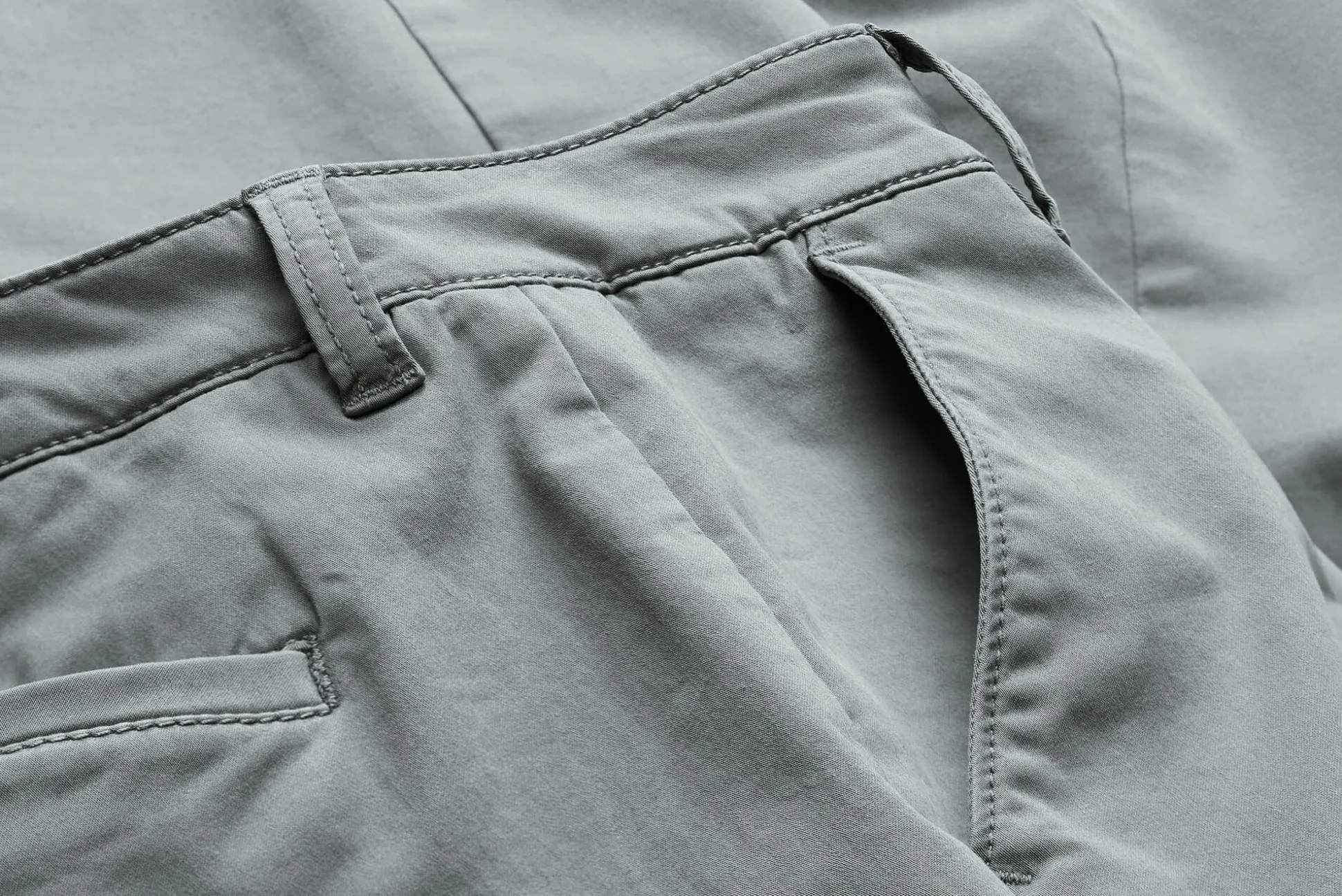 - Sportlicher Charakter: Gürtelschlaufen, Seiten- und Gesäßtaschen
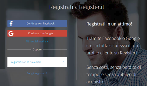 - TE LO FACCIAMO NOI: è la solzuione adatta per coloro che hanno poco tempo per realizzare da soli il proprio e-commerce. Comprende la consulenza di un esperto che realizzerà direttamente l’e-commerce sulla base delle direttive e delle esigenze del cliente al costo di 990,00 + IVA per il primo anno. In tal caso è sufficiente compilare un form per parlare con un consulente di Register.it e raccontare il progetto che si ha in mente di realizzare.
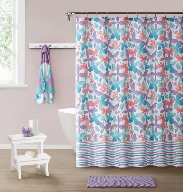 Kate Aurora Kate Aurora Complete 5 Piece Juvi Butterfly Themed Fabric Shower Curtain Bathroom Set
......
**What the task requires**
Where the material contains pictures, leave them out and copy the rest verbatim.

**Finished task**
 - Sportlicher Charakter: Gürtelschlaufen, Seiten- und Gesäßtaschen
 - TE LO FACCIAMO NOI: è la solzuione adatta per coloro che hanno poco tempo per realizzare da soli il proprio e-commerce. Comprende la consulenza di un esperto che realizzerà direttamente l’e-commerce sulla base delle direttive e delle esigenze del cliente al costo di 990,00 + IVA per il primo anno. In tal caso è sufficiente compilare un form per parlare con un consulente di Register.it e raccontare il progetto che si ha in mente di realizzare.
 Kate Aurora Kate Aurora Complete 5 Piece Juvi Butterfly Themed Fabric Shower Curtain Bathroom Set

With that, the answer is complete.